The Saudi minister was speaking in New Delhi at a gathering of oil ministers from several members of the Organisation of Petroleum Exporting Countries (OPEC), including Iran.
The minister said production cuts already agreed by OPEC were working well and there was no need to panic over oil prices that have fallen 14 percent since the beginning of 2007.
“The market doesn’t need to panic at all and there is a need to protect interests of both producers and consumers. The market is in a healthy condition and moving in the right direction,” he said.
“We took measures in Doha and measures in Abuja and I believe these measures are working well,” he said.
“Inventories in the fourth quarter have come down, which puts the market closer to balance,” the minister added.
This year’s slump in oil prices has led to calls from Venezuela and Algeria to deepen two production cuts agreed at meetings in Doha in October and Abuja in December, before the next scheduled meeting on March 15.
Nigerian energy minister Edmund Daukoru, also attending the meeting here, said the oil market was oversupplied.
“The winter has been very mild. There is substantial oversupply in the market,” said Daukoru, whose term as OPEC president ended on January 1.
The Nigerian minister was replaced as OPEC head by UAE oil minister Mohammed Al-Hamili.
“There is new non-OPEC production expected to come on stream very soon. I suspect that is the reason why the market is so soft,” Daukoru said.
OPEC has an output cut of 500,000 barrels per day (BPD) set to start February 1 after a reduction of 1.2 million BPD in November as it tries to hold the line on prices, which have fallen from peak highs of 78 dollars in July to around 53 dollars.
Daukoru, whose country is the sixth-largest producer in OPEC, said the oil cartel was waiting to see how the February cut affected prices.
“We will simply wait it out. The sky is not falling because prices are at 52 dollars a barrel,” he told reporters.
Last week, prices fell to levels last seen in June 2005 due to unusually warm winter both in the United States and Europe, which have stalled demand for heating oil.

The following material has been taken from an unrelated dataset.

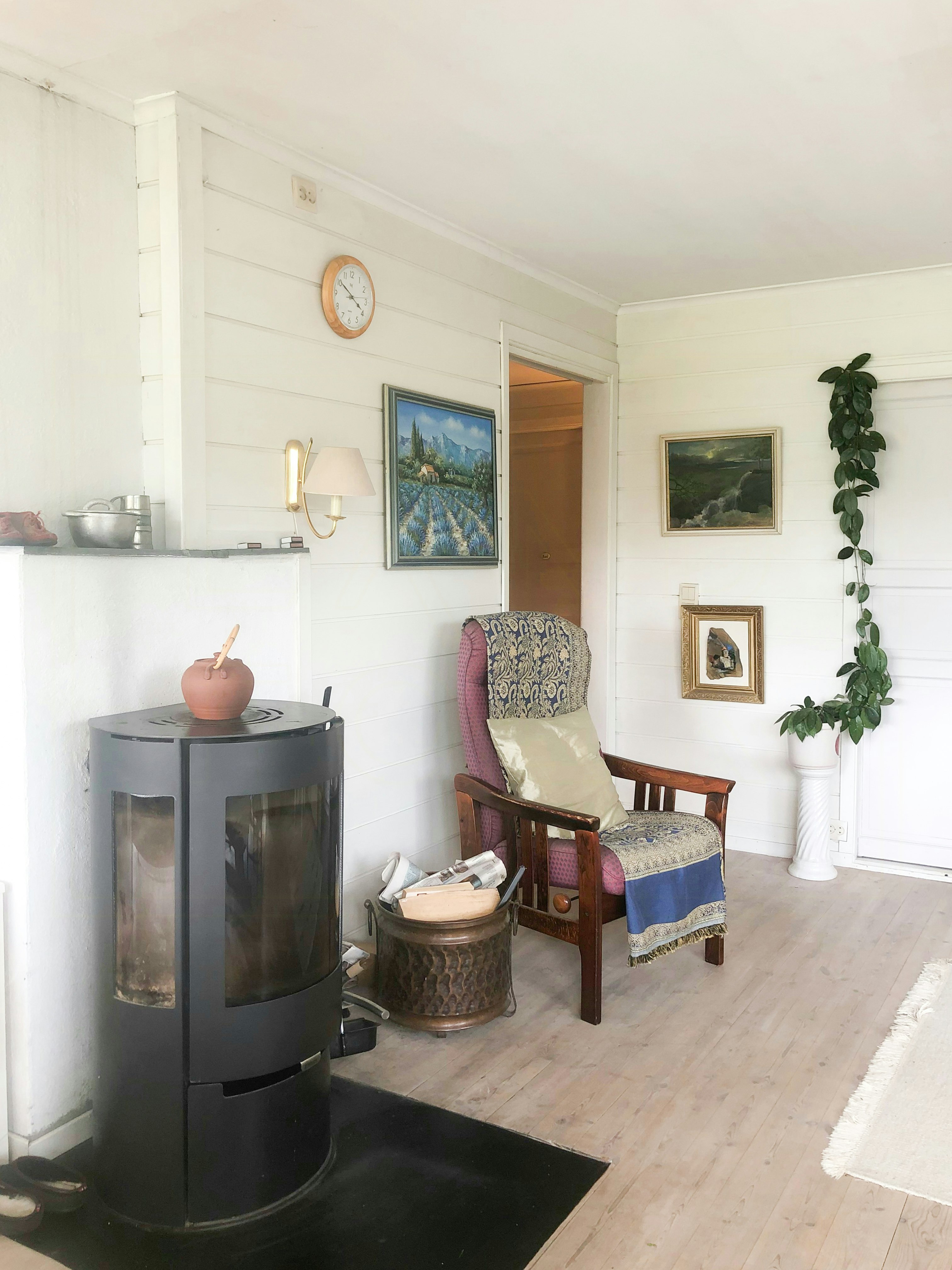 The interior is made of wood, with wood paneling on the walls and solid wood floors that provide a relaxed atmosphere. The living room has verandas on both sides, one facing east for morning coffee and the other west for the evening sun. Large floor-to-ceiling windows let in plenty of light and provide a fantastic view.

Daukoru also spoke about “energy poverty” in Africa and other parts of the developing world, saying there was an urgent need to invest in production and distribution networks there.
“See a satellite view of the world at night and the stark contrast of the blackness of Africa surrounded by the radiance of every other country,” he said.
“These nations are being left behind. We are losing our forests,” he said.
The Nigerian minister said the OPEC Fund for International Development, the World Bank, the Asian Development Bank, the United Nations and aid agencies must work together to improve access to energy sources in Africa.
“We must declare a world energy decade comparable to the millennium development goals,” said the minister, who later met with India’s petroleum minister Murli Deora.